Predicting Steam Machine prices would be a lot easier if RAM costs hadn’t gone horribly wrong

Predicting Steam Machine prices would be a lot easier if RAM costs hadn’t gone horribly wrong

This week’s most popular game is not a robovoiced extraction shooter or a buggy martial arts RPG, but Guess The Steam Machine Price: a well-meaning (if largely speculative) timepasser wherein whoever most accurately converts Valve’s teasing into a final street price for the resurrected SteamOS mini-PC wins.

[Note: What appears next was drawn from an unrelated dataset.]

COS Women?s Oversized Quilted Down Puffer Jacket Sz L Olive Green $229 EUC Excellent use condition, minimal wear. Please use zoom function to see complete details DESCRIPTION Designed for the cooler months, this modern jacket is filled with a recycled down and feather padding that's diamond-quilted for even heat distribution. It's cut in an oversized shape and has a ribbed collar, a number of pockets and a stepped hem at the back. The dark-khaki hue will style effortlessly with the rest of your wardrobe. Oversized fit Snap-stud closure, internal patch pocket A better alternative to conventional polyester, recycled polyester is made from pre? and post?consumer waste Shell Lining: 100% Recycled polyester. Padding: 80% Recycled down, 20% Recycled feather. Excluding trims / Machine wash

In 2026, when it launches.

I feel left out, so will have a go myself below, though there’s quite a serious kink in mine or indeed anyone’s plan to ticket the Steam Machine by speccing an equivalent DIY PC. Alas, RAM prices have gone stratospheric, in a manner not seen among computing components since the Great Graphics Card Dumpster Fire of 2020.

As then, but now, the cause is an industry-wide shortage, only this time trigged by – you again – artificial intelligence. In short, AI data centres are rapidly expanding, eating up memory output and leaving scant RAM supplies for consumer PC building. What’s left has, broadly since October but this past week especially, been slapped with obscene markups: this unremarkable Crucial DDR5 32GB kit, for example, was £88 a month ago. Now it’s £206. A bog-standard Corsair Vengeance DDR5 32GB set? Was £100 in September, now yours for just £350. This premium 64GB kit was already pricey at £210, again back in September, and now sits at £557 – more than an RTX 5070, a base PS5, or 1,011 packets of M&S extra cream Bourbon biscuits. 1,011! Makes me sick.

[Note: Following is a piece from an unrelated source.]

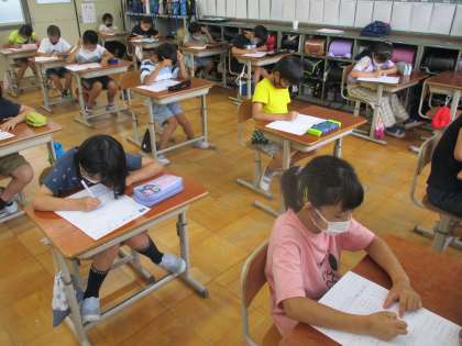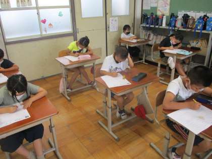 プリントで単元の復習をしている様子です。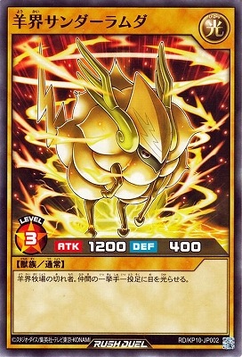 《羊界ようかいサンダーラムダ》 † 通常モンスター 星3/光属性/獣族/攻1200/守 400 羊界牧場の切れ者。 仲間の一挙手一投足に目を光らせる。

Hardware manufacturers can purchase at scale, and may have enough RAM sticks squirreled away to maintain production, potentially for the several months that shortages are expected to continue. But those who haven’t stockpiled parts will end up feeling the crunch – Microsoft are allegedly considering yet another price hike for their Xbox Series X/S consoles to cover the higher memory costs.


A 2026 Steam Machine with the exterior panels removed, revealing the cooling system and wireless antennae.
Image credit: Rock Paper Shotgun

None of this bodes well for the Steam Machine. Worst case, Valve must pay top dollar for its DDR5 modules (these are smaller, laptop-style sticks rather than desktop DIMMs, but the type in question still appears affected) and bump up the Machine’s price to compensate. Best case, they have enough memory from the pre-crisis days for a more affordable launch. But, at some point that stock will run out, and Valve will need to choose between supplying more Steam Machines with this AI tax in play or wait it out while those digital shelves grow cobwebs.

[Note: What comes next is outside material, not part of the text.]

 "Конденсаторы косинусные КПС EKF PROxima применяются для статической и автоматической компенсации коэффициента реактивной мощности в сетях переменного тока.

For now, though, nobody actually knows what the situation will be in early 2026, likely including Valve themselves. Indeed, it wouldn’t be remotely surprising if fluctuating parts prices are among the reasons why they didn’t just announce pricing for the Steam Machine, Steam Controller, and Steam Frame as part of the initial reveal. In any case, I wouldn’t put too much weight on anyone’s Steam Machine price estimates just because they’ve totted up the cost of a similar home-built PC.

Anyway, here’s my Steam Machine price estimate, based on totting up the cost of a similar home-built PC. I’m specifically going for parts that would closely replicate the Steam Machine’s performance, based on my testing of it at Valve HQ last month, and not necessarily its on-paper specs. Partly because it has something akin to a custom-built laptop CPU and nobody’s going to bother putting something like that in a DIY desktop.

  • Case: Lian Li A3 mATX Wood Edition (£60)
  • CPU: AMD Ryzen 5 7600X (£162)
  • GPU: Zotac GeForce RTX 5050 Twin Edge (£219)
  • RAM: Crucial DDR5 1x16GB (£103, ouchies)
  • SSD: WD Blue SN500 500GB (£60)
  • Motherboard: ASRock B650I Lightning WiFi ITX (£140)
  • Cooler: Cooler Master Hyper 212 Black (£30)
  • PSU: Corsair RM850e (£95)
  • Total: £869

Hope that was helpful. It won’t be. But I hope.